EXERCISE DETAILS> Begin at the line containing "高鐵/動(dòng)車為6歲" in the data below and go on through the line containing "114年10月【長照積分課程", repeating each line exactly; include both ends and no other line.

Source records:
===============

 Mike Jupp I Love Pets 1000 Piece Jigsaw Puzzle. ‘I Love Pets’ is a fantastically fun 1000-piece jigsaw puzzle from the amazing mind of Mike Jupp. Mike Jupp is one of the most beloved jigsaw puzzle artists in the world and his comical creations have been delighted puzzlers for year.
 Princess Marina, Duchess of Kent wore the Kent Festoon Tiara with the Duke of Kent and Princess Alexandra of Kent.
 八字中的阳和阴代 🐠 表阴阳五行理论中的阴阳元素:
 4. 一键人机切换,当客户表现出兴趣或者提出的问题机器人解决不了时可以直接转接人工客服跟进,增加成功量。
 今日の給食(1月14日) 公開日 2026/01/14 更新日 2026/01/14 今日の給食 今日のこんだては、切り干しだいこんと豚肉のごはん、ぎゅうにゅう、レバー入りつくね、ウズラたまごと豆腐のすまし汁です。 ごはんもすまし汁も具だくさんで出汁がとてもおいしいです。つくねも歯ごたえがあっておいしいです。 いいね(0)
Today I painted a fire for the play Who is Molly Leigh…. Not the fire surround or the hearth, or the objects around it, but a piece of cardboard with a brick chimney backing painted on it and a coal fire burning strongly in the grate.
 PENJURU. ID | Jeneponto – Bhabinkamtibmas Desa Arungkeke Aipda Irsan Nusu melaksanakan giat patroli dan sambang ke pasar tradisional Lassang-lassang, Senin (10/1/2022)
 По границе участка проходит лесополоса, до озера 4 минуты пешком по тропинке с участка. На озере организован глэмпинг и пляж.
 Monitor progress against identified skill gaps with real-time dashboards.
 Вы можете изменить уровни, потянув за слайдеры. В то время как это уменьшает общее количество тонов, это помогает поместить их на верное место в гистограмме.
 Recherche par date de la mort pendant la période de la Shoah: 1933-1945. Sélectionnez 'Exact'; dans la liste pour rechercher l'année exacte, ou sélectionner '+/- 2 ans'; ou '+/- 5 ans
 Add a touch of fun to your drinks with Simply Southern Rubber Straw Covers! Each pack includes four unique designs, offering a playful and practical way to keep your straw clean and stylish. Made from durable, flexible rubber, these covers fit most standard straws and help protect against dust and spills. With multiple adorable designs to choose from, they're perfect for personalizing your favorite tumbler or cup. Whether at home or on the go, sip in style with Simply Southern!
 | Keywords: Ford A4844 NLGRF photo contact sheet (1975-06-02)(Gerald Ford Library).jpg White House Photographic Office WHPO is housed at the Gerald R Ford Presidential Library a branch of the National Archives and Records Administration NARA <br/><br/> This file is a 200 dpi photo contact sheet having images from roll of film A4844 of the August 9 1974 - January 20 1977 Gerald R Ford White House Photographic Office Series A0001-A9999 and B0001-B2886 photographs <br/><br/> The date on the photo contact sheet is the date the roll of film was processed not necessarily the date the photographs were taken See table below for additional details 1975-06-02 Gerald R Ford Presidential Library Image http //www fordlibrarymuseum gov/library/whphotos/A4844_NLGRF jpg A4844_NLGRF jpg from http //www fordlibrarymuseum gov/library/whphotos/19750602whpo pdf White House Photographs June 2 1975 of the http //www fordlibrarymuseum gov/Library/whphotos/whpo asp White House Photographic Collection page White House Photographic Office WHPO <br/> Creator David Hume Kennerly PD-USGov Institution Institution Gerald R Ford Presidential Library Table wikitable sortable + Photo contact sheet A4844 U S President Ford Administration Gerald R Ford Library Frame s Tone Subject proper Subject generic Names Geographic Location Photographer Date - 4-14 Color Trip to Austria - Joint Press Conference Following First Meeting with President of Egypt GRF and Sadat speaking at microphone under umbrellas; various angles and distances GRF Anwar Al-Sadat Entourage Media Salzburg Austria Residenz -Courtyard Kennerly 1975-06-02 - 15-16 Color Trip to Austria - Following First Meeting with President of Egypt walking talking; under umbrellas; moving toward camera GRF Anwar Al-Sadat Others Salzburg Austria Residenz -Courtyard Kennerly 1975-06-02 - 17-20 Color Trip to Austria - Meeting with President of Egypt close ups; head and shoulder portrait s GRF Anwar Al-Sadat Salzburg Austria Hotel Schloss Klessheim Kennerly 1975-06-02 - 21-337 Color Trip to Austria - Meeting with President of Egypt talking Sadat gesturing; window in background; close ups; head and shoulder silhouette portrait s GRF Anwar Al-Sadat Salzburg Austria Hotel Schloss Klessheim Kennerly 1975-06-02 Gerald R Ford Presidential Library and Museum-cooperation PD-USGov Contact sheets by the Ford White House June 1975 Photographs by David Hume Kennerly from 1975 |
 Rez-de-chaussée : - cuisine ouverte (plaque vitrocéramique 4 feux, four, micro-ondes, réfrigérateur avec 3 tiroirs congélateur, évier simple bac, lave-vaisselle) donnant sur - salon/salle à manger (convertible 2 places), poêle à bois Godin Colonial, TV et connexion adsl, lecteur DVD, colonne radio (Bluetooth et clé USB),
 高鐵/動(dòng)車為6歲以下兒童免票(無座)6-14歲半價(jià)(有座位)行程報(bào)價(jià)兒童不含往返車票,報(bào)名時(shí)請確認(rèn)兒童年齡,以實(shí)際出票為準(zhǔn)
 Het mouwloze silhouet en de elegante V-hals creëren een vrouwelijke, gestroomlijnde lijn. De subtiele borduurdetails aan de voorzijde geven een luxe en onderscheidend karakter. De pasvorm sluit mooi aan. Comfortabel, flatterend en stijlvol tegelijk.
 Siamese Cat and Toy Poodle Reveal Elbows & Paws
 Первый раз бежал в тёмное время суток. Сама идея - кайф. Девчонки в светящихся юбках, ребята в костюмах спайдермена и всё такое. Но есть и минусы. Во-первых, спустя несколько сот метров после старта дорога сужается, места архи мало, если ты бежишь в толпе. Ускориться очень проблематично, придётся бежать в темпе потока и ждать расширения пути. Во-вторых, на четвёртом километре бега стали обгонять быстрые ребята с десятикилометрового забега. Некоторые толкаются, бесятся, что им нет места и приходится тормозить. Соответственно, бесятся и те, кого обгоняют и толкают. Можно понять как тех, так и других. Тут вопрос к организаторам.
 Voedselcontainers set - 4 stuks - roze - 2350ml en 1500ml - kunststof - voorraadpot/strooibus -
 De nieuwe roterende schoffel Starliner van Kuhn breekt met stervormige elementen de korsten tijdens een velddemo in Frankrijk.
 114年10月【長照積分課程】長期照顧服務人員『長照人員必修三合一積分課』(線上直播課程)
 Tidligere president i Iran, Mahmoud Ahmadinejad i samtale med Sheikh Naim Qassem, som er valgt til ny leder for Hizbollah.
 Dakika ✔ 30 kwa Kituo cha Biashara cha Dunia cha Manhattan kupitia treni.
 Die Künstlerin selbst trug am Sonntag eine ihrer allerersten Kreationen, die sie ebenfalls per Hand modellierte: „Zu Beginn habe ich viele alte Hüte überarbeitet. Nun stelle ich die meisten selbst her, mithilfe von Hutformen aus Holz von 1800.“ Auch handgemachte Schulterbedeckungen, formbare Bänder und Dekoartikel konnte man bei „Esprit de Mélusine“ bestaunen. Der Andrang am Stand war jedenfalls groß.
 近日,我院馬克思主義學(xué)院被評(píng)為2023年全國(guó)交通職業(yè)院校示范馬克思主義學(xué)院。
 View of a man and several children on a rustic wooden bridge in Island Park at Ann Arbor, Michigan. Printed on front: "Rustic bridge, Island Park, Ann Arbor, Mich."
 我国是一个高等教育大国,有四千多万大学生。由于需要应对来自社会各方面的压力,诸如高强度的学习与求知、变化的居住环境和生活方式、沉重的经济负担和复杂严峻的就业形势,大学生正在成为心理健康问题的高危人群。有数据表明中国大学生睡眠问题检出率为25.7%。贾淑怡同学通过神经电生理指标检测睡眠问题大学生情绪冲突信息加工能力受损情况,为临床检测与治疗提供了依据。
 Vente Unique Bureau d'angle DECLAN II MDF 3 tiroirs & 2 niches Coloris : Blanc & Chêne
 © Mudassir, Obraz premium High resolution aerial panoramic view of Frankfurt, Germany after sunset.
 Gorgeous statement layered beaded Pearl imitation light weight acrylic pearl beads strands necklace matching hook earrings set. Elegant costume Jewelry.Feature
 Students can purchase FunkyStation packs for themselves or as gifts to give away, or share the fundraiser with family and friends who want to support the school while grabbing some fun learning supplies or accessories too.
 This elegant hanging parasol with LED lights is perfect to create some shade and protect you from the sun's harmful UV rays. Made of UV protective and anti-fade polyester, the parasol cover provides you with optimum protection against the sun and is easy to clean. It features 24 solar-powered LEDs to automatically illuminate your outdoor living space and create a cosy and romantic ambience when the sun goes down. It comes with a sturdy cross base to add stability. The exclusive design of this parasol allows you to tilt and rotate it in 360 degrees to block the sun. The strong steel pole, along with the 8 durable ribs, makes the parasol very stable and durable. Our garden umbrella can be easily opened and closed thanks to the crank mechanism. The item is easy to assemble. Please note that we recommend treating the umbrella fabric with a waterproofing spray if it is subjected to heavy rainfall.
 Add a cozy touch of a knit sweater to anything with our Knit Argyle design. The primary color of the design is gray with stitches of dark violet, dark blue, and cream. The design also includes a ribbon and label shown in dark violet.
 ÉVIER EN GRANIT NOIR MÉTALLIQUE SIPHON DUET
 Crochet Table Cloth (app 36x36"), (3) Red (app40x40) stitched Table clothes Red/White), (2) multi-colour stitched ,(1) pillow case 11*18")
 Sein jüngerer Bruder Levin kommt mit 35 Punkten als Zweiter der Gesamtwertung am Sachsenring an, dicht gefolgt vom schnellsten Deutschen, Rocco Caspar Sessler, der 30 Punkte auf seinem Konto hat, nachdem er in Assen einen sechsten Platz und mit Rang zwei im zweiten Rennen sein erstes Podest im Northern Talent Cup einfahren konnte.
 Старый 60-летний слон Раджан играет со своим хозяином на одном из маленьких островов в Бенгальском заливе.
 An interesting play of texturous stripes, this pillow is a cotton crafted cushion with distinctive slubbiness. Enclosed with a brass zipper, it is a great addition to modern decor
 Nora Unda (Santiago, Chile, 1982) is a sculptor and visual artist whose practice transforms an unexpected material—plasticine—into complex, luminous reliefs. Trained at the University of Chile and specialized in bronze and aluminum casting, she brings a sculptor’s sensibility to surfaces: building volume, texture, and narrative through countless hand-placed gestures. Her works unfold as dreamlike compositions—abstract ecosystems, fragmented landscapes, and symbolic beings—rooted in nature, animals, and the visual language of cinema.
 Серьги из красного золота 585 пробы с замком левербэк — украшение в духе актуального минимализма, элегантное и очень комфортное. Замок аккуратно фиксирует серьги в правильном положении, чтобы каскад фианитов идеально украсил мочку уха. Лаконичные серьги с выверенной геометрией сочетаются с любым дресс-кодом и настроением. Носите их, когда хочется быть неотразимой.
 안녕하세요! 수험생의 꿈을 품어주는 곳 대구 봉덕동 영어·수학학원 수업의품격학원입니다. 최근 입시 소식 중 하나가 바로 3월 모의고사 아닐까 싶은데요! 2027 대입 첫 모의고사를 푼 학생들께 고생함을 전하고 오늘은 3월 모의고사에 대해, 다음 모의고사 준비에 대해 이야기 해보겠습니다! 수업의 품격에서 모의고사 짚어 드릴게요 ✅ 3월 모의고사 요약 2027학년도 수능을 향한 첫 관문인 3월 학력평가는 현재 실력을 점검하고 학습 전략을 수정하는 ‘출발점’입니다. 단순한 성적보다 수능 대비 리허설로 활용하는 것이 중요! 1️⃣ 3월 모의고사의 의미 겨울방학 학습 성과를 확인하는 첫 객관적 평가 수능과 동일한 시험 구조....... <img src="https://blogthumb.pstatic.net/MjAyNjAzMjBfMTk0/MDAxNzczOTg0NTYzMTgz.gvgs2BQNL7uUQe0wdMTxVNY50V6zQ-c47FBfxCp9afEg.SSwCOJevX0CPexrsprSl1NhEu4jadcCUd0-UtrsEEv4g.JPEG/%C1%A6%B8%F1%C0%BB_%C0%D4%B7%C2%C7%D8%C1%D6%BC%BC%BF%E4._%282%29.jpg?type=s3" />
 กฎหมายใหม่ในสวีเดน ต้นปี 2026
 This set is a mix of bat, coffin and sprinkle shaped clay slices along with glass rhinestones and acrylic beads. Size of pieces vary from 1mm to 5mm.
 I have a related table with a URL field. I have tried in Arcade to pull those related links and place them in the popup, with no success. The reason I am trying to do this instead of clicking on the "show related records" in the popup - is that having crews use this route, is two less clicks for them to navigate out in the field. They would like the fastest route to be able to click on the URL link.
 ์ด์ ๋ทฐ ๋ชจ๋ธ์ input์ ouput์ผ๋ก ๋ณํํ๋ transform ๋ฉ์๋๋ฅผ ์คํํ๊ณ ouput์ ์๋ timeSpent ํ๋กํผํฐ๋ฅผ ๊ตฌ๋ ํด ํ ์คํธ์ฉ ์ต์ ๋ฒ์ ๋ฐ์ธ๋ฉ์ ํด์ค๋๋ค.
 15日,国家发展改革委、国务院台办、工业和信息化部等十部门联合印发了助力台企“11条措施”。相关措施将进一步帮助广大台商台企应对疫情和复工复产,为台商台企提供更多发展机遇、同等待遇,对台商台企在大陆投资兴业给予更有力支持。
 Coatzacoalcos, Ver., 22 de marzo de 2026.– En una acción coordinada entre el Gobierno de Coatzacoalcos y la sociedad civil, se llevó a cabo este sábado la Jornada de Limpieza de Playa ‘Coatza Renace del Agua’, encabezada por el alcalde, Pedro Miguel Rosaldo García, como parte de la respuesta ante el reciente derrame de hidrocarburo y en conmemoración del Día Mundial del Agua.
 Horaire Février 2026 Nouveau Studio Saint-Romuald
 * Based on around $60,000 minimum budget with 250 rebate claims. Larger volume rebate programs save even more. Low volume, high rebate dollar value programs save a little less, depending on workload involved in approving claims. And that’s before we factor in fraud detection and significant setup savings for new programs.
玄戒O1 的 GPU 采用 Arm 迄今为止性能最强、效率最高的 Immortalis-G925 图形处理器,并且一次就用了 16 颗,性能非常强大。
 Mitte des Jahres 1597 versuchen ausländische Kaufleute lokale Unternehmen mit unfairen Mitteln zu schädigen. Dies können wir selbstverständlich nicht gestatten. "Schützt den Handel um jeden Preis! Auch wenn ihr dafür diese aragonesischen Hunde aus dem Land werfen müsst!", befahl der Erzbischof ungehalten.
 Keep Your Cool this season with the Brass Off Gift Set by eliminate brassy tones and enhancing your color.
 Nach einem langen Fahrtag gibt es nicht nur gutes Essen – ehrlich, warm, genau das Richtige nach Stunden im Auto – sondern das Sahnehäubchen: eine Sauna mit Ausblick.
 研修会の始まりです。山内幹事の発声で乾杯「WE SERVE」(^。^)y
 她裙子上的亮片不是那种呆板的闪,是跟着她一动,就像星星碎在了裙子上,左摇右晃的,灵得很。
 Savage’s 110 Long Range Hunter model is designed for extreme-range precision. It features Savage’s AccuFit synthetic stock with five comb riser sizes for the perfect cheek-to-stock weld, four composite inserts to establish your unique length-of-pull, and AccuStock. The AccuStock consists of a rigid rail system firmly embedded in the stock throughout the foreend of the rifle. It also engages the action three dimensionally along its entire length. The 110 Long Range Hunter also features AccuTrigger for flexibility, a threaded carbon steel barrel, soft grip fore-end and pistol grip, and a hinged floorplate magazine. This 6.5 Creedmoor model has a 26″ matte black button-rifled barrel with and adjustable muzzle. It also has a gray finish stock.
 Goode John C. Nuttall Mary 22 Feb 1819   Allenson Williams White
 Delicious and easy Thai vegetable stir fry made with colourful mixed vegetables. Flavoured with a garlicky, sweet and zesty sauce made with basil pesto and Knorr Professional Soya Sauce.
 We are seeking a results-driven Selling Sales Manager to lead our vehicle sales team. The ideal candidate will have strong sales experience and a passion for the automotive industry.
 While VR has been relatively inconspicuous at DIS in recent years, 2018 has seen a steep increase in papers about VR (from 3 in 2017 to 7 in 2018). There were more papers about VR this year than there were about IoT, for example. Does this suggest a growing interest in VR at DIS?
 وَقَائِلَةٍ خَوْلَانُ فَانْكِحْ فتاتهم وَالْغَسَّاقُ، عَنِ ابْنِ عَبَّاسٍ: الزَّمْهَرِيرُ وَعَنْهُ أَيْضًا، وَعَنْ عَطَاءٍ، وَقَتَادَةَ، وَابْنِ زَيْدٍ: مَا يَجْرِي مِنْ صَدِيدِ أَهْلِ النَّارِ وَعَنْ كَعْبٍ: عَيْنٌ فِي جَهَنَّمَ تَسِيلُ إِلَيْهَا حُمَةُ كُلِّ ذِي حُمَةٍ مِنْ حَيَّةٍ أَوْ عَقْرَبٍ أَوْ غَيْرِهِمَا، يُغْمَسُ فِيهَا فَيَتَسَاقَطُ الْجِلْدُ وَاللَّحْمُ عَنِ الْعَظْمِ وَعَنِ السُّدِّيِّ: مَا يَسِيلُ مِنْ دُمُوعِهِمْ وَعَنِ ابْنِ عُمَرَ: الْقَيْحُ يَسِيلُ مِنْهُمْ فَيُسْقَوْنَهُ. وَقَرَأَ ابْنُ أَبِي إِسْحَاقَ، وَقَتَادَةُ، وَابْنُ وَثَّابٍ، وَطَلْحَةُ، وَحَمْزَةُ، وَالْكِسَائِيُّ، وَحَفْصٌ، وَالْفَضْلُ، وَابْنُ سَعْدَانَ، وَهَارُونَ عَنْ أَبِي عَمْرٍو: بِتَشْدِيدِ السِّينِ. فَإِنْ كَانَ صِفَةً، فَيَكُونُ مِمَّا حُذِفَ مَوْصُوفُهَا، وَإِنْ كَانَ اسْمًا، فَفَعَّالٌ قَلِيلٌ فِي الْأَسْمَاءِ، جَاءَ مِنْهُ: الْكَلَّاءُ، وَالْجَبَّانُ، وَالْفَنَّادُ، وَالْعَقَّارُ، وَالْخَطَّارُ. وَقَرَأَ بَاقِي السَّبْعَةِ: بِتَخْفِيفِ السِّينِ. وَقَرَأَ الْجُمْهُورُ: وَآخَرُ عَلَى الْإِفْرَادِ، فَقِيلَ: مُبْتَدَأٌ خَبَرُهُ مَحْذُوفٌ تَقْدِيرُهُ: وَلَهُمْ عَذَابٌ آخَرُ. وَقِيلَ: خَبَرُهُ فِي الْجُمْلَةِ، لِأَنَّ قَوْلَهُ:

===============

EXERCISE RESULT>
 高鐵/動(dòng)車為6歲以下兒童免票(無座)6-14歲半價(jià)(有座位)行程報(bào)價(jià)兒童不含往返車票,報(bào)名時(shí)請確認(rèn)兒童年齡,以實(shí)際出票為準(zhǔn)
 Het mouwloze silhouet en de elegante V-hals creëren een vrouwelijke, gestroomlijnde lijn. De subtiele borduurdetails aan de voorzijde geven een luxe en onderscheidend karakter. De pasvorm sluit mooi aan. Comfortabel, flatterend en stijlvol tegelijk.
 Siamese Cat and Toy Poodle Reveal Elbows & Paws
 Первый раз бежал в тёмное время суток. Сама идея - кайф. Девчонки в светящихся юбках, ребята в костюмах спайдермена и всё такое. Но есть и минусы. Во-первых, спустя несколько сот метров после старта дорога сужается, места архи мало, если ты бежишь в толпе. Ускориться очень проблематично, придётся бежать в темпе потока и ждать расширения пути. Во-вторых, на четвёртом километре бега стали обгонять быстрые ребята с десятикилометрового забега. Некоторые толкаются, бесятся, что им нет места и приходится тормозить. Соответственно, бесятся и те, кого обгоняют и толкают. Можно понять как тех, так и других. Тут вопрос к организаторам.
 Voedselcontainers set - 4 stuks - roze - 2350ml en 1500ml - kunststof - voorraadpot/strooibus -
 De nieuwe roterende schoffel Starliner van Kuhn breekt met stervormige elementen de korsten tijdens een velddemo in Frankrijk.
 114年10月【長照積分課程】長期照顧服務人員『長照人員必修三合一積分課』(線上直播課程)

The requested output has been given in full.